SOURCE DATA -
=== Begin Enclosure ===
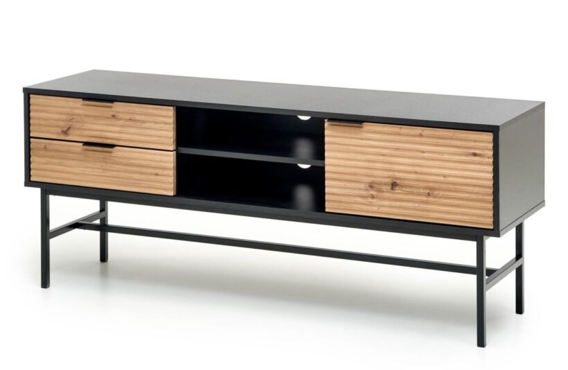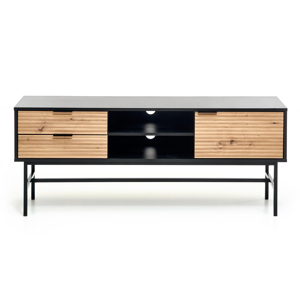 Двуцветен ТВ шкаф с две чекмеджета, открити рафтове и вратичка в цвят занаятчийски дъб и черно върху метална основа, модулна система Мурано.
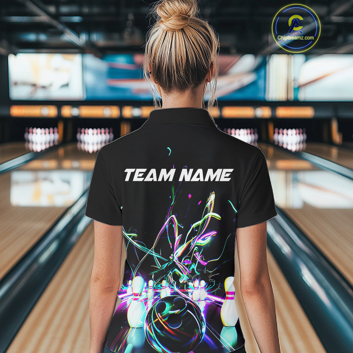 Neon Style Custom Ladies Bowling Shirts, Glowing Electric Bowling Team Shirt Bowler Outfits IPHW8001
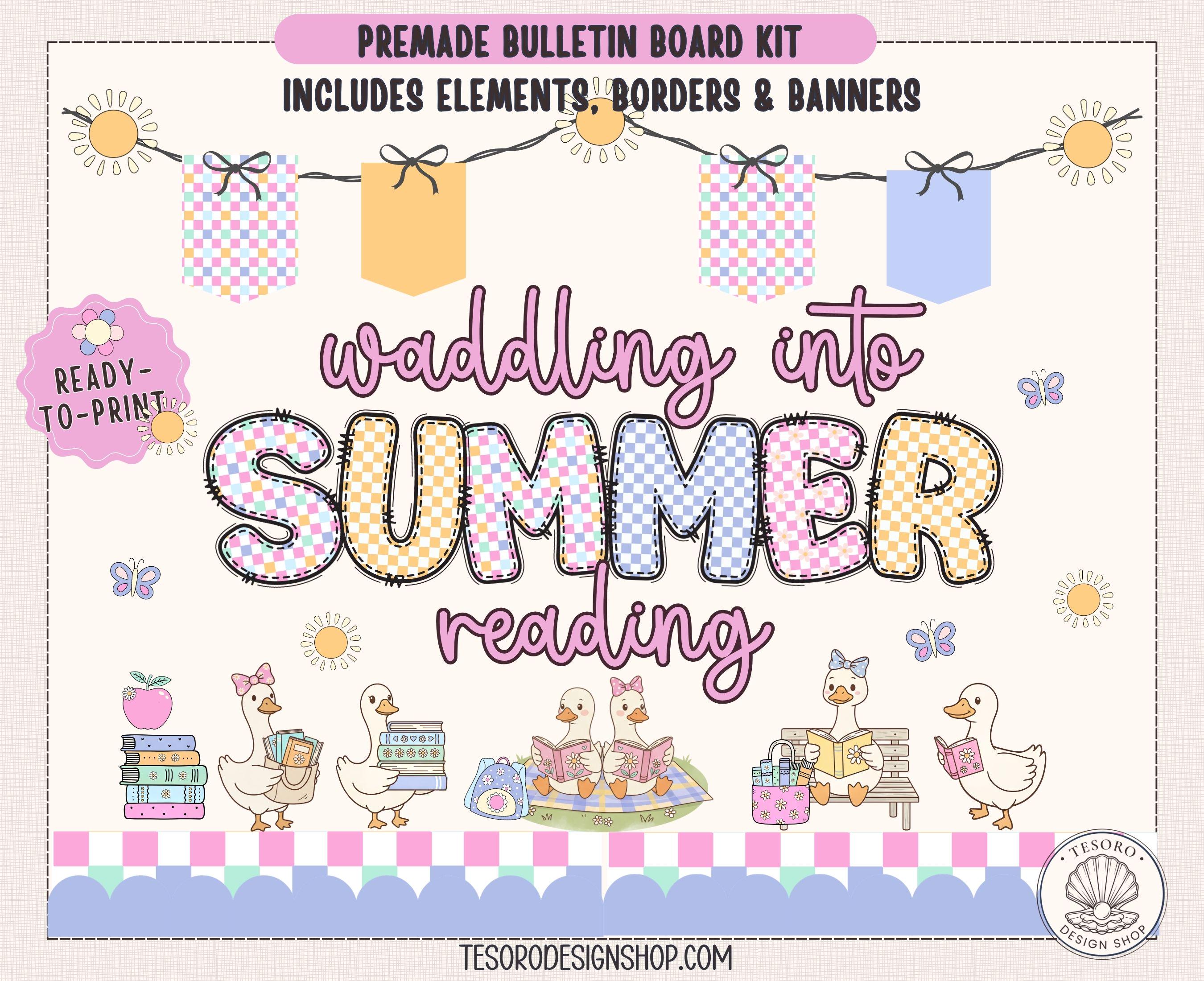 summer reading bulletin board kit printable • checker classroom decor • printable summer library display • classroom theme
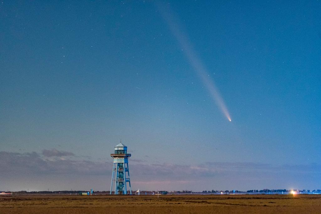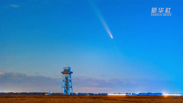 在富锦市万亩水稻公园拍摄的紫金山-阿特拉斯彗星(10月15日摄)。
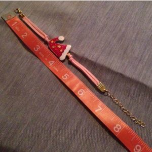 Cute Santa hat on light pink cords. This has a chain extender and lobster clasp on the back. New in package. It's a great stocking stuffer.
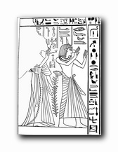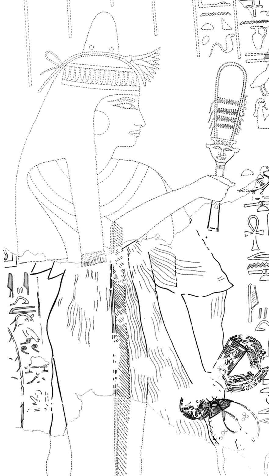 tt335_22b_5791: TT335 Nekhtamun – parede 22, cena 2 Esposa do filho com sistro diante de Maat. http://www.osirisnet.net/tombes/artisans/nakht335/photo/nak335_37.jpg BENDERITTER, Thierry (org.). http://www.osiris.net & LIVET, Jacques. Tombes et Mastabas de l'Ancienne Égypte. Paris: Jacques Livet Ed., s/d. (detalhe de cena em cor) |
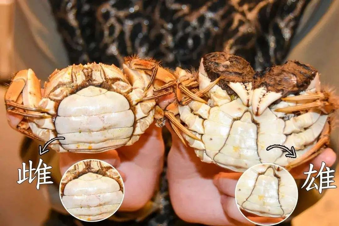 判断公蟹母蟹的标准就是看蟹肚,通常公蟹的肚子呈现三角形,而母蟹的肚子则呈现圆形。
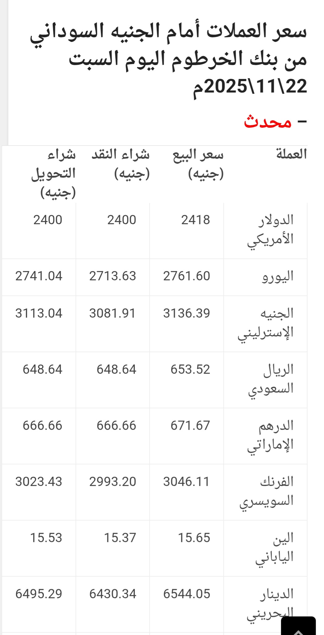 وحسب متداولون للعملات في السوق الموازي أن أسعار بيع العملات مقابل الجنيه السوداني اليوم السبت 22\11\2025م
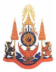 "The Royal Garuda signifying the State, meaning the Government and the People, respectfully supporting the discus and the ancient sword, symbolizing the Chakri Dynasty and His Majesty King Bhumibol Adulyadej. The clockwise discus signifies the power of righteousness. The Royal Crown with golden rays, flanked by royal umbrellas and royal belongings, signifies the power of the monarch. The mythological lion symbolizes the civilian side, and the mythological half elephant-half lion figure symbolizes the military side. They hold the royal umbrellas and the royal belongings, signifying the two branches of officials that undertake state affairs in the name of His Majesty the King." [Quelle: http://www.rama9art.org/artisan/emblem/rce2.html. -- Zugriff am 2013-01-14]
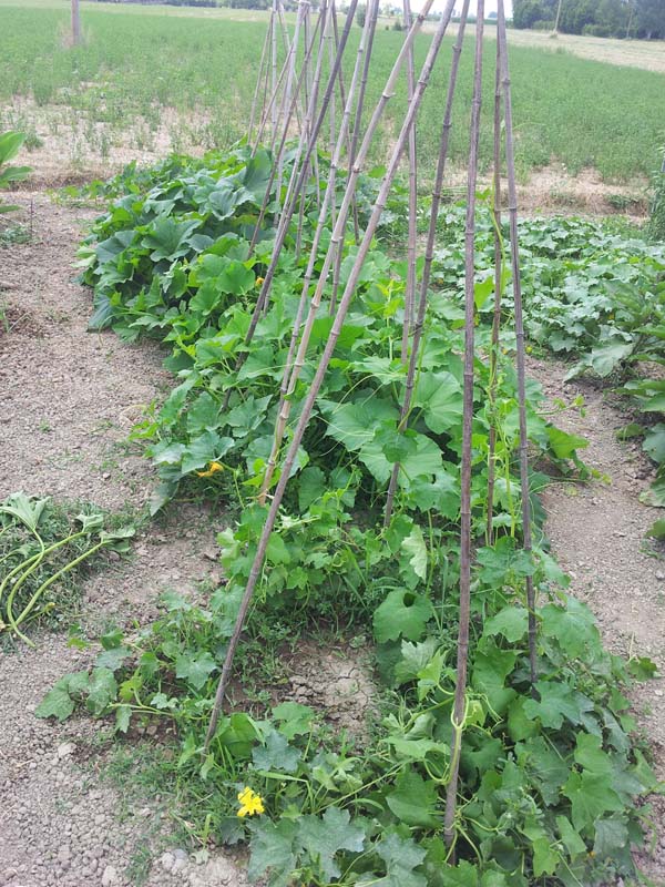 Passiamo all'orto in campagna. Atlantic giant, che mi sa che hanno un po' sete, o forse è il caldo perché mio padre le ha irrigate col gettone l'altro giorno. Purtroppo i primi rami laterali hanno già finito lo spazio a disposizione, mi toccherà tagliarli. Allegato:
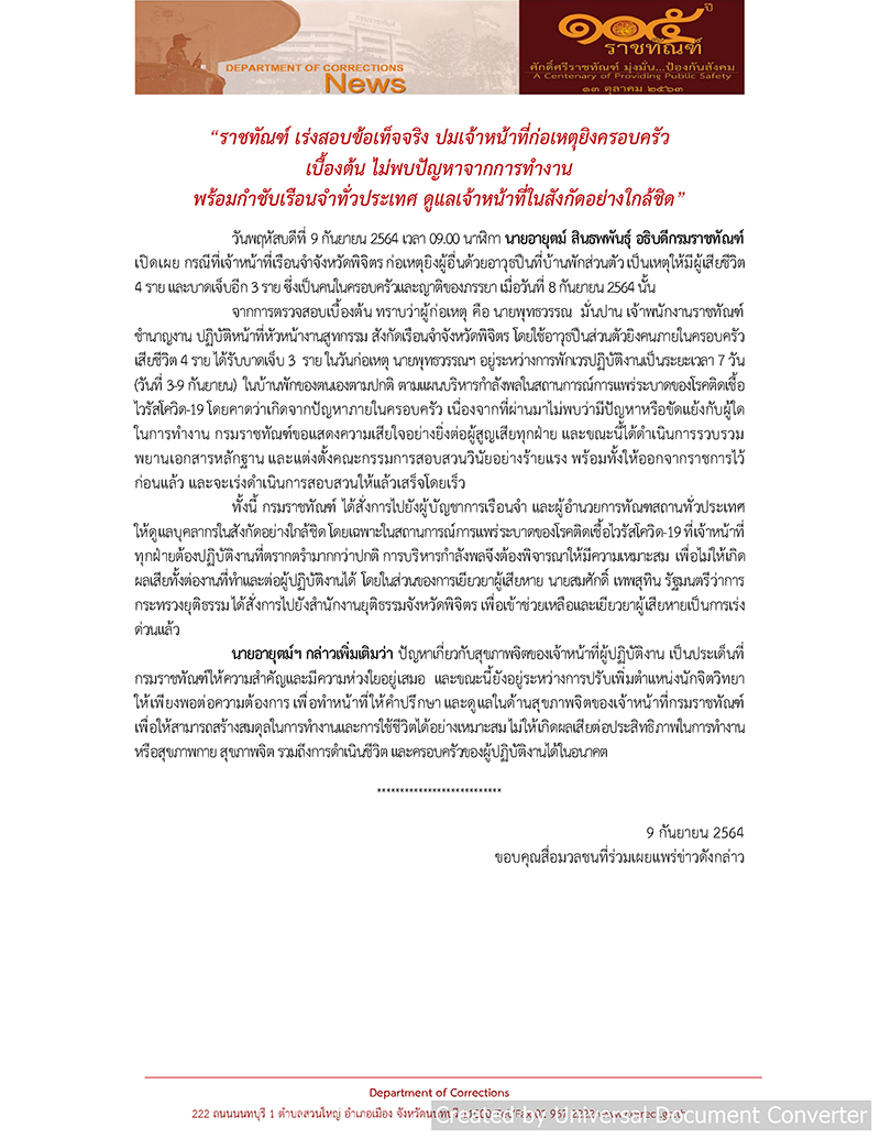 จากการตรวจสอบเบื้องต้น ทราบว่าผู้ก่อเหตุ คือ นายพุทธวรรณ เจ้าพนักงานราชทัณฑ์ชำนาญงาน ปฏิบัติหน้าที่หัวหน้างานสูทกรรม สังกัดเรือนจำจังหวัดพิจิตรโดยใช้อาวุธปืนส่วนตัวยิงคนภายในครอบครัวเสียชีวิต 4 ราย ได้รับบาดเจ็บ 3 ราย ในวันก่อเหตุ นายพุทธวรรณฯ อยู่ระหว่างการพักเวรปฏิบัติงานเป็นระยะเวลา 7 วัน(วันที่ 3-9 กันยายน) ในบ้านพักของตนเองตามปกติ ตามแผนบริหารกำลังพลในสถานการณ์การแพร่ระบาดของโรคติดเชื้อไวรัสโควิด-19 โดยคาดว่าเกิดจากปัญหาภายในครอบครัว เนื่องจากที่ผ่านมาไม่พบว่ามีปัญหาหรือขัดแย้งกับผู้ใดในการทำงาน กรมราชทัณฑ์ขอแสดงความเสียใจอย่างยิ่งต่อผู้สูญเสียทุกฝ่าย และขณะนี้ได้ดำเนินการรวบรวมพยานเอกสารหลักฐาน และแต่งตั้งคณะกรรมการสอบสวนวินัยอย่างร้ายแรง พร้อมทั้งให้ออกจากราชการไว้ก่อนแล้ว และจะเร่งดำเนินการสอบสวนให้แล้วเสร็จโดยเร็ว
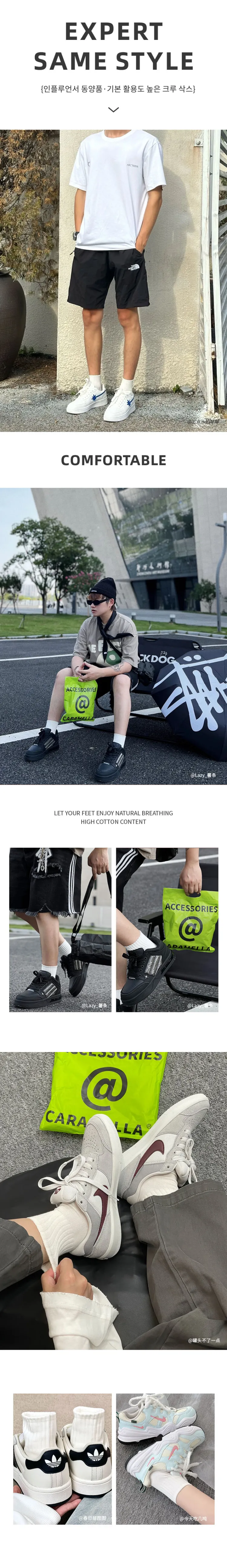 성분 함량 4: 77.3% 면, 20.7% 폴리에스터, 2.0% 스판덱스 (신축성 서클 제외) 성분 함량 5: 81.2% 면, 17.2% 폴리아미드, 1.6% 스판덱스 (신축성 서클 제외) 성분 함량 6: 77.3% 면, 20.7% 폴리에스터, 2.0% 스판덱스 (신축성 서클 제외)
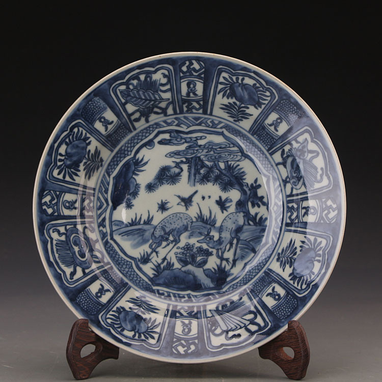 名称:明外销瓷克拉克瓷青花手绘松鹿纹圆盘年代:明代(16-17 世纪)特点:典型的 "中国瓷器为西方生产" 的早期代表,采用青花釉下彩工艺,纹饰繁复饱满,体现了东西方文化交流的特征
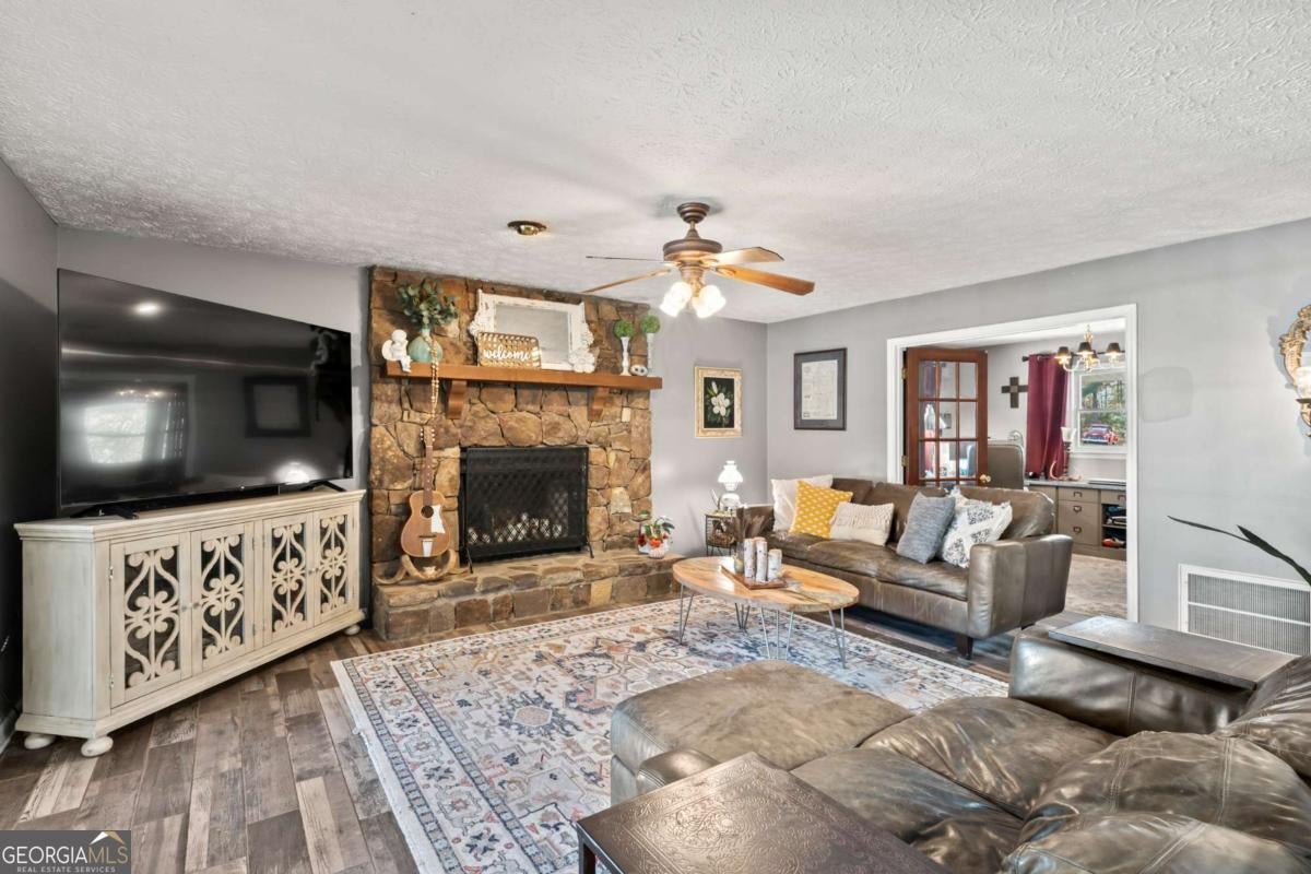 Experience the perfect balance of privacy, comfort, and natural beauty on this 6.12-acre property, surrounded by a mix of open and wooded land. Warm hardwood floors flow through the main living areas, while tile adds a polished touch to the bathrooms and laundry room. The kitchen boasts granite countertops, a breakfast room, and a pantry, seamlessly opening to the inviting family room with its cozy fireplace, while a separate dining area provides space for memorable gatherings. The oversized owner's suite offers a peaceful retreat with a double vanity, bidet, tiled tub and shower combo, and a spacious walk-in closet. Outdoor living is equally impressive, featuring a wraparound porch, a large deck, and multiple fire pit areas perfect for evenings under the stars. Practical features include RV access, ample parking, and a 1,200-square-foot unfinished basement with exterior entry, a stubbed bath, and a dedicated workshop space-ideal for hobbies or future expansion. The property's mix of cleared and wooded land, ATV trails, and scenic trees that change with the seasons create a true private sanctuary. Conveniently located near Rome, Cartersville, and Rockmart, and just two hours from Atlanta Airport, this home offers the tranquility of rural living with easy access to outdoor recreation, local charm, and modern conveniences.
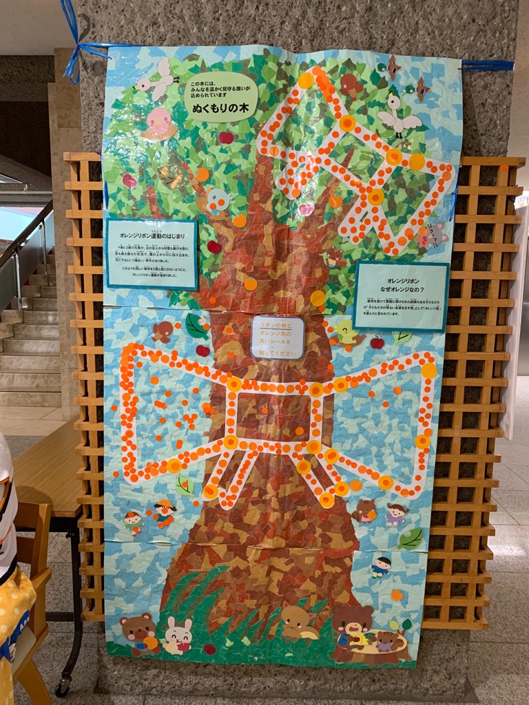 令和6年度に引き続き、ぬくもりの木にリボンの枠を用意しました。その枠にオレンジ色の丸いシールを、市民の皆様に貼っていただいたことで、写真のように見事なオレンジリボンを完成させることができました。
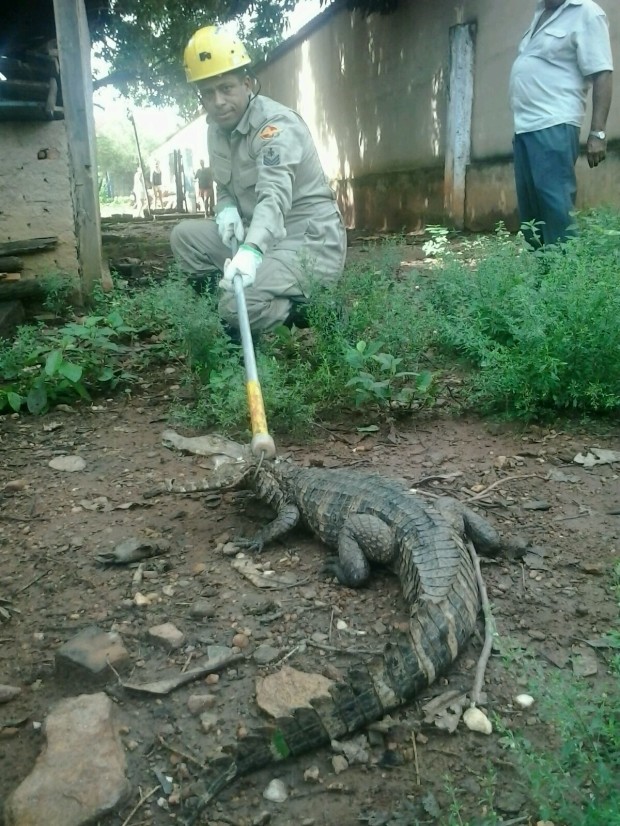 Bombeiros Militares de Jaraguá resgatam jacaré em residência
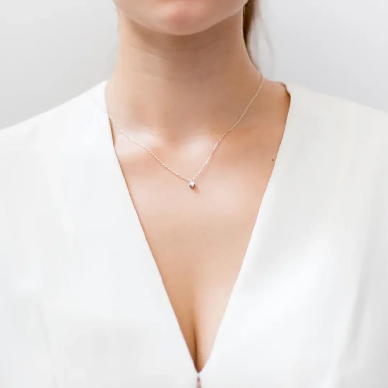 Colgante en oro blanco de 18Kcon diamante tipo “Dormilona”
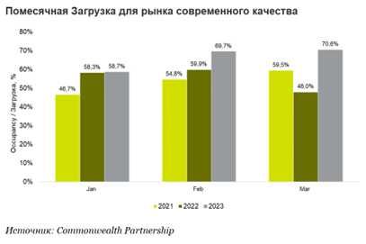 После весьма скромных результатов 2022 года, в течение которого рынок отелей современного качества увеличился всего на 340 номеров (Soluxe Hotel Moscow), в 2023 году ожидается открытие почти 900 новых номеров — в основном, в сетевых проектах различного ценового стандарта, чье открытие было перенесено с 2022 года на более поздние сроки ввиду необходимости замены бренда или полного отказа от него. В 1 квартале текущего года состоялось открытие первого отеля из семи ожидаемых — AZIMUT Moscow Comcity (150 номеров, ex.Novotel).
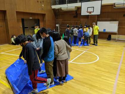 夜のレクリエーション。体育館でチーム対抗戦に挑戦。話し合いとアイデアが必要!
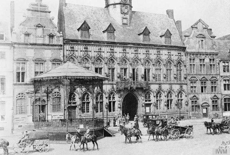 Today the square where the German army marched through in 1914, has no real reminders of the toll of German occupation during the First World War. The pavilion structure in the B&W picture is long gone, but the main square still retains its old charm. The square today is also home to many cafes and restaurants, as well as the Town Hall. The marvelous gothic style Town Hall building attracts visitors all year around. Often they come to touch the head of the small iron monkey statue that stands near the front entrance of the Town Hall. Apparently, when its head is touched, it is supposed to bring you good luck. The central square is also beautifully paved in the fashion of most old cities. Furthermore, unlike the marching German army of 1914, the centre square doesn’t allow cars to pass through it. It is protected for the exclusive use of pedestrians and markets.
=== End Enclosure ===
EXERCISE -
Could you repeat exactly the lines from the first one of the records above through the line containing "Cute Santa hat", leaving out any pictures?

COMPLETED TASK -
 Двуцветен ТВ шкаф с две чекмеджета, открити рафтове и вратичка в цвят занаятчийски дъб и черно върху метална основа, модулна система Мурано.
 Neon Style Custom Ladies Bowling Shirts, Glowing Electric Bowling Team Shirt Bowler Outfits IPHW8001
 summer reading bulletin board kit printable • checker classroom decor • printable summer library display • classroom theme
 在富锦市万亩水稻公园拍摄的紫金山-阿特拉斯彗星(10月15日摄)。
 Cute Santa hat on light pink cords. This has a chain extender and lobster clasp on the back. New in package. It's a great stocking stuffer.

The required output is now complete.